To transform Nigeria, Jonathan must see the nation as a patient in an emergency room needing urgent and drastic surgery to survive. There are no indications that the President has grasped that Nigeria is in dare-straits, judging from his slow-motion approach to matters, except in the case of sacking Justice Salami where he was brisk.

If Jonathan were a schoolboy, his midterm assessment will be a catalogue of failures. But this does not mean that he may not pass the end of term examination. It solely lies in his hands and depends on how he wants to go about his work in the future. But if I were him, as a new king, to succeed and have a peaceful reign, he needs to kill politically the king makers that have the blood of innocent Nigerians, who died due to their misrule, in their hands.

What could the president be afraid of when majority of Nigerians are strongly behind him? Since the post independence history of Nigeria, no president has enjoyed so much support and goodwill from the Nigerian people like Jonathan. And Nigerians are ready to stand behind him to any length in restructuring an unjust Nigerian Nation, in so far as it is in the interest of ordinary Nigerians.
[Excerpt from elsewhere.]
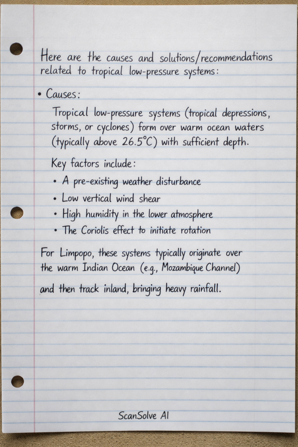 Causes: Tropical low-pressure systems (tropical depressions, storms, or cyclones) form over warm ocean waters (typically above 26.5∘C) with sufficient depth. Key factors include a pre-existing weather disturbance, low vertical wind shear, high humidity in the lower atmosphere, and the Coriolis effect to initiate rotation. For Limpopo, these systems typically originate over the warm Indian Ocean (e.g., Mozambique Channel) and then track inland, bringing heavy rainfall.

There is the need to note that there is a big dissimilarity between the fantasy the president has in his head about the transformation this country needs and the one the people legitimately yearn for. Change is not just visions and drawing road maps. Nigerians have seen that many times before, the health for all by the year 2000 being one of such. What they expect is concerted action and a president who does not only do the talk but also walk the talk.

To realize his promise to Nigerians, Jonathan has to sincerely fight corruption and bring to book all those who milked dry the cow called Nigeria. There is no gainsaying the fact that the bane of Nigeria is corruption and there could have been nothing to transform if there were no corruption. And to be able to transform things, he must first exorcise the devil called corruption.